** Opening Input data block **
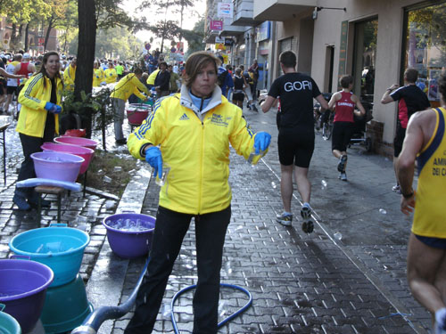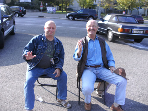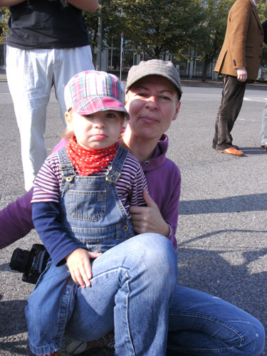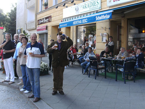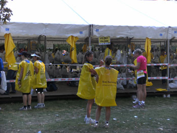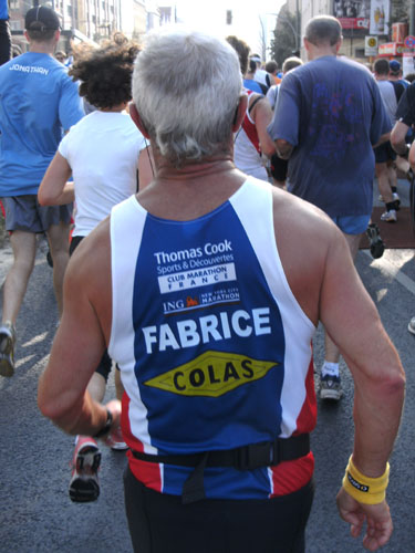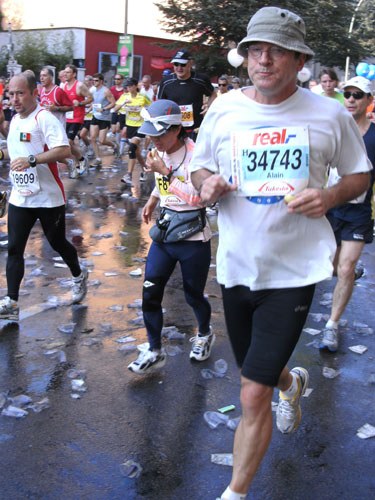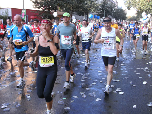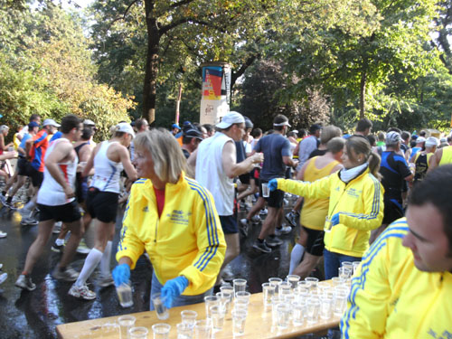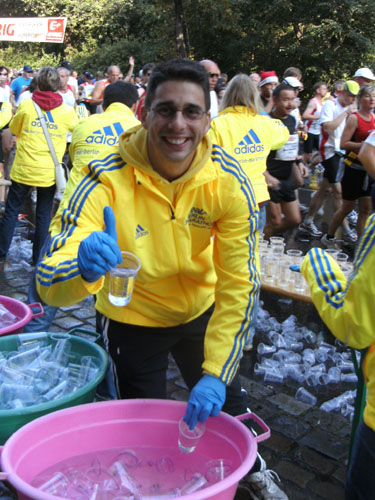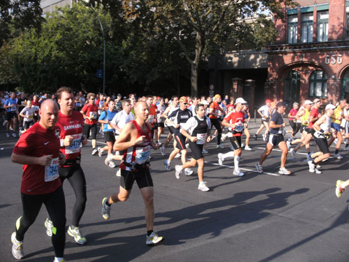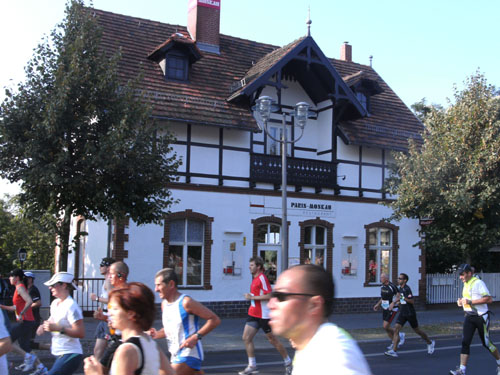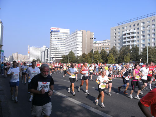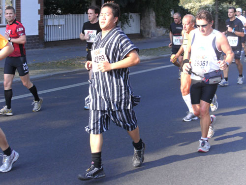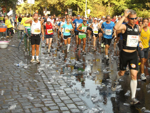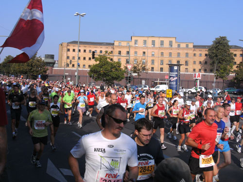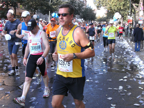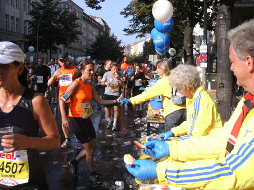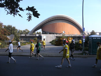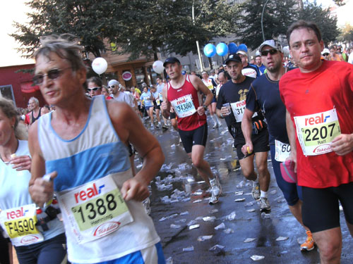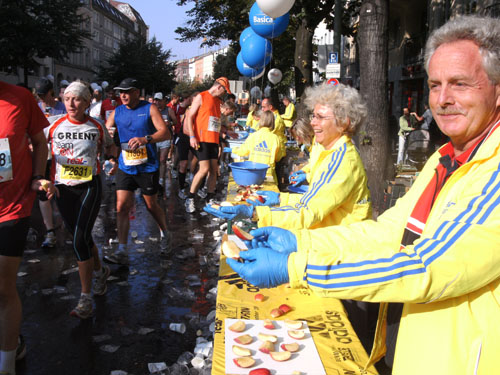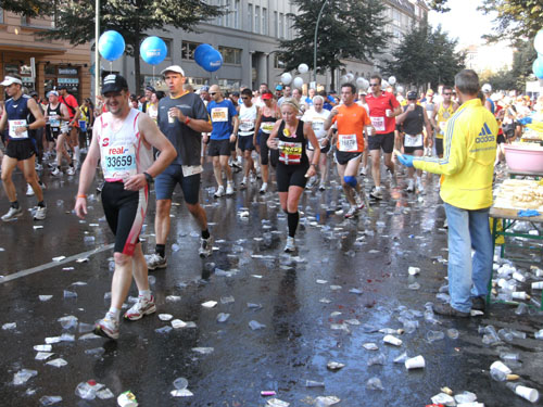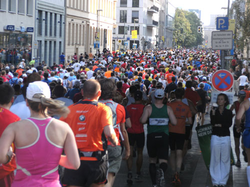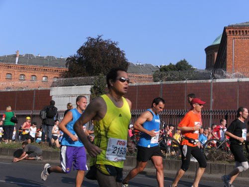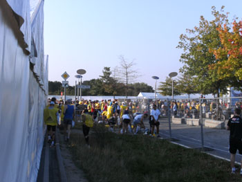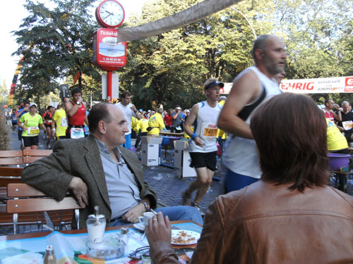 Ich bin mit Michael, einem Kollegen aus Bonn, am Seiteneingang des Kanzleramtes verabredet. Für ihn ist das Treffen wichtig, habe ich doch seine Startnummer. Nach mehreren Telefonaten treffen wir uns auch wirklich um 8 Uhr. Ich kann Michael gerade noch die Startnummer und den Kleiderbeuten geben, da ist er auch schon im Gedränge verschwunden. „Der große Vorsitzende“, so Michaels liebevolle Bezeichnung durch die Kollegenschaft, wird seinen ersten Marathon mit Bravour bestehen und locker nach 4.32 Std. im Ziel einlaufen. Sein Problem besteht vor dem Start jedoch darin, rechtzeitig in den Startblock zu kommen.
** Closing Input data block **
** Opening Input data block **
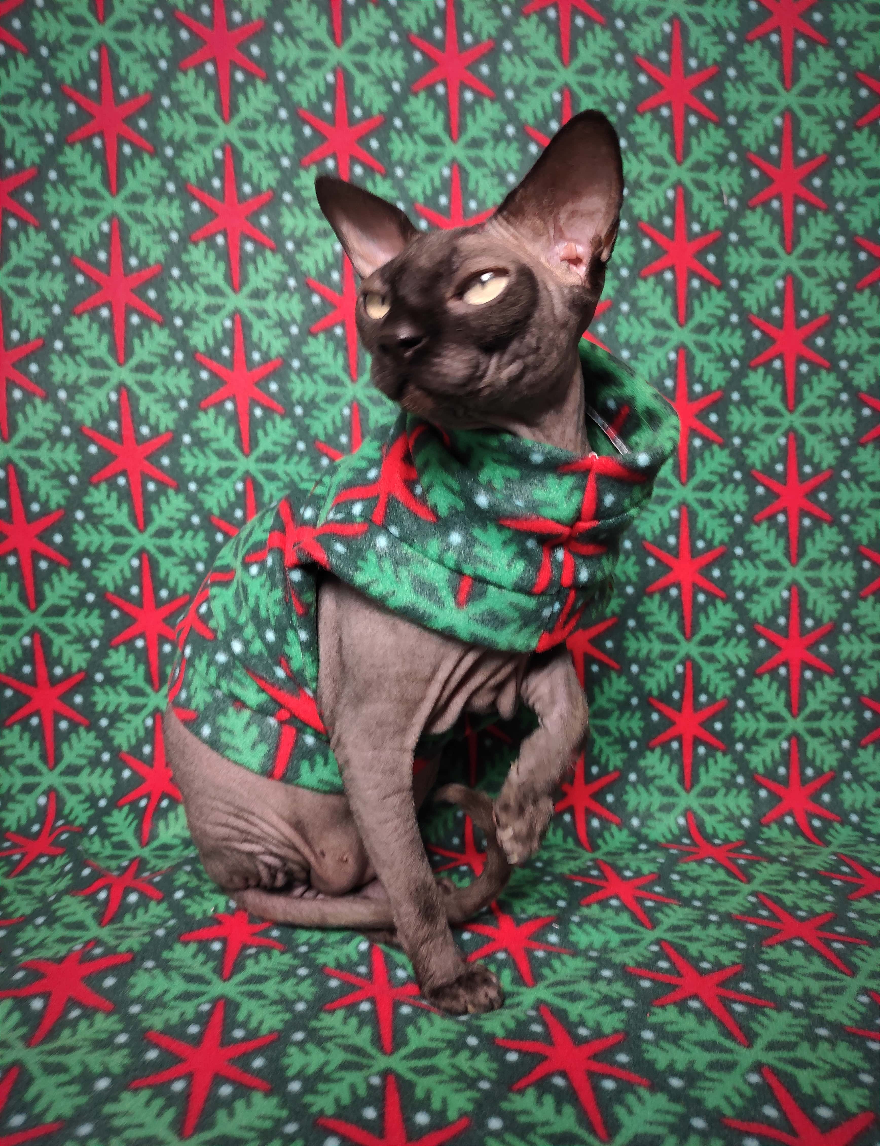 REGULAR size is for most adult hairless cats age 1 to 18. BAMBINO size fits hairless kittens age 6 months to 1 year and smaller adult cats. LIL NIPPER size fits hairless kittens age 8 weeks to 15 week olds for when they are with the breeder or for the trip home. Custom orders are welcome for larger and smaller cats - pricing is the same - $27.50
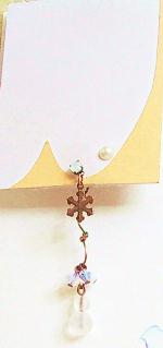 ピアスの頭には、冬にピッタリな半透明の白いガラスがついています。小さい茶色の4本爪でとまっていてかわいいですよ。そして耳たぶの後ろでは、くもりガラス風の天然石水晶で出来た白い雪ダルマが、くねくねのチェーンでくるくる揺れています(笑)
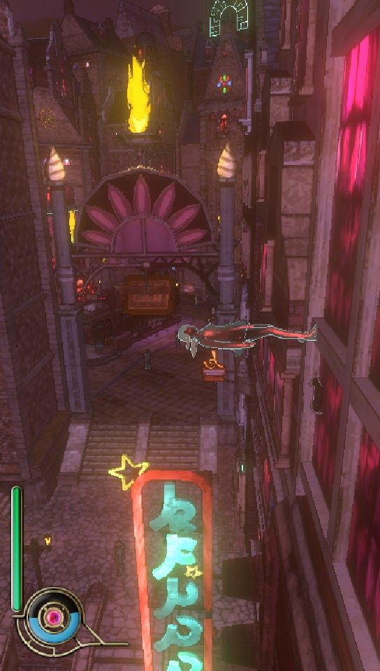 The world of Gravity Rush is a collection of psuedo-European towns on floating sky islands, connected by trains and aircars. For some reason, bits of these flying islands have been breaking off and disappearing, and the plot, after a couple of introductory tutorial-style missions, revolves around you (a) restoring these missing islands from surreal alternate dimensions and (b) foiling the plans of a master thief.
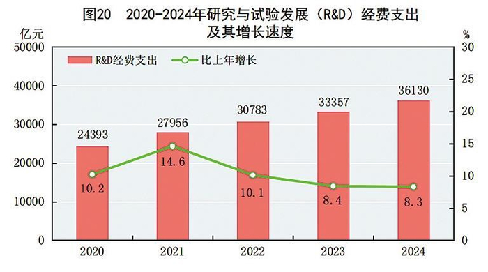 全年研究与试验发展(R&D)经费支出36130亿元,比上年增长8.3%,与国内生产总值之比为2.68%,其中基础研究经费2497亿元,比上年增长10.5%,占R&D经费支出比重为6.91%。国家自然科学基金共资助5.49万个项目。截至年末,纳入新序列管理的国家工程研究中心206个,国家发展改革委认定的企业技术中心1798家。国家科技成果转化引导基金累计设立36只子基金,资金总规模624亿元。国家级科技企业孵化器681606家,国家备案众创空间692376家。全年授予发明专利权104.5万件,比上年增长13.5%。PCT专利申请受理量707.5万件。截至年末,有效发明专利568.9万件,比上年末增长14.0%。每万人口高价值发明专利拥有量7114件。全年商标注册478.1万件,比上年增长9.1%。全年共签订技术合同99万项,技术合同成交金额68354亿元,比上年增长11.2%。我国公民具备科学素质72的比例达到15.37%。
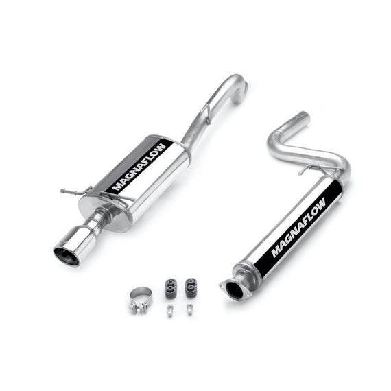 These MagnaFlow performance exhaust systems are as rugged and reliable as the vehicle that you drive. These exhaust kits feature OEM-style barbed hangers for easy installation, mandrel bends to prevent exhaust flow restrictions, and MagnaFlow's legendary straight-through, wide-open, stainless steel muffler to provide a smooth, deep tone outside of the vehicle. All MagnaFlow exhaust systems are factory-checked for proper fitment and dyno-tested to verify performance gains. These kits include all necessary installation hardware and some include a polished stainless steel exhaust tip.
** Closing Input data block **
** Opening Input data block **
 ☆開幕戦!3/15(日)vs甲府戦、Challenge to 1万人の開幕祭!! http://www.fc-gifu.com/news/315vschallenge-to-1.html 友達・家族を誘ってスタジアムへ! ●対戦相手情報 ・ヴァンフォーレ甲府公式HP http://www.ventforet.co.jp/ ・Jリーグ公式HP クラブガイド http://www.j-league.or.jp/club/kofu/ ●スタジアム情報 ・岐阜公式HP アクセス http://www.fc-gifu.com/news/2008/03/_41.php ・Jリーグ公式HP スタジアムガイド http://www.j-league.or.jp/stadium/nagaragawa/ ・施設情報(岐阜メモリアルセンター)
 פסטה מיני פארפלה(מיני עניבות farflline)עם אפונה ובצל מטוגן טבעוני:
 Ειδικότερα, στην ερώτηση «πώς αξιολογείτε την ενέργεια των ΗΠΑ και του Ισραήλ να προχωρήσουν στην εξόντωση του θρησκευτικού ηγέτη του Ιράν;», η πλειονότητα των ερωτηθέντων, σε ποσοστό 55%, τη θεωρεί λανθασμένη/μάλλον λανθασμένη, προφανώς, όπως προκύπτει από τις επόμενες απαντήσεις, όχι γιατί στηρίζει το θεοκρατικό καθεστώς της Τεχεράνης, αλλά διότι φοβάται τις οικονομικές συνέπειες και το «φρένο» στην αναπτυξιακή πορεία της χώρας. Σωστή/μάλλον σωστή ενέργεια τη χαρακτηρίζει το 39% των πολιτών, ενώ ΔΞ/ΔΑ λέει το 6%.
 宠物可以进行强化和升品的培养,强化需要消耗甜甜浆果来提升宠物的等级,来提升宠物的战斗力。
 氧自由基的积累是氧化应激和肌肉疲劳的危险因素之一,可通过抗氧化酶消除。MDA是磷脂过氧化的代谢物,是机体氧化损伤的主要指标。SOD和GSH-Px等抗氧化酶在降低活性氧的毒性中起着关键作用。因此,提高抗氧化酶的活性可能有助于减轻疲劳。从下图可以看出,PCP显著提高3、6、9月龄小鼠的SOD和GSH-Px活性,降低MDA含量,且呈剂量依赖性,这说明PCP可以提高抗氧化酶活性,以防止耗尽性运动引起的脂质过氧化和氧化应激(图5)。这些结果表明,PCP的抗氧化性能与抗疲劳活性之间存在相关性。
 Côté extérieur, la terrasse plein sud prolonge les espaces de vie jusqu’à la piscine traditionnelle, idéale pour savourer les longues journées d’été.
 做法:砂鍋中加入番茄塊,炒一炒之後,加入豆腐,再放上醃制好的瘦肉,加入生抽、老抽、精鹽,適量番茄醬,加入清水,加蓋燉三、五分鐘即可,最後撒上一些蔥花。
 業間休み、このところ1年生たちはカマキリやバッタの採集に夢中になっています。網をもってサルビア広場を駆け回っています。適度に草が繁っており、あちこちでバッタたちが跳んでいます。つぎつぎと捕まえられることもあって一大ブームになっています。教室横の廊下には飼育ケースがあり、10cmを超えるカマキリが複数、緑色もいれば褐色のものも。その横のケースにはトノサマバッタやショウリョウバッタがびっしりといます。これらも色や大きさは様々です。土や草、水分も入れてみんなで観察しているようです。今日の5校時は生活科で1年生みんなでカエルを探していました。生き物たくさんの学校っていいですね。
** Closing Input data block **
**Work order**
From the records above, transcribe exactly the run of lines that opens with the line holding "做法:砂鍋中加入番茄塊,炒一" and closes with the line holding "業間休み、このところ1年生た", both included.

**Completed exercise**
 做法:砂鍋中加入番茄塊,炒一炒之後,加入豆腐,再放上醃制好的瘦肉,加入生抽、老抽、精鹽,適量番茄醬,加入清水,加蓋燉三、五分鐘即可,最後撒上一些蔥花。
 業間休み、このところ1年生たちはカマキリやバッタの採集に夢中になっています。網をもってサルビア広場を駆け回っています。適度に草が繁っており、あちこちでバッタたちが跳んでいます。つぎつぎと捕まえられることもあって一大ブームになっています。教室横の廊下には飼育ケースがあり、10cmを超えるカマキリが複数、緑色もいれば褐色のものも。その横のケースにはトノサマバッタやショウリョウバッタがびっしりといます。これらも色や大きさは様々です。土や草、水分も入れてみんなで観察しているようです。今日の5校時は生活科で1年生みんなでカエルを探していました。生き物たくさんの学校っていいですね。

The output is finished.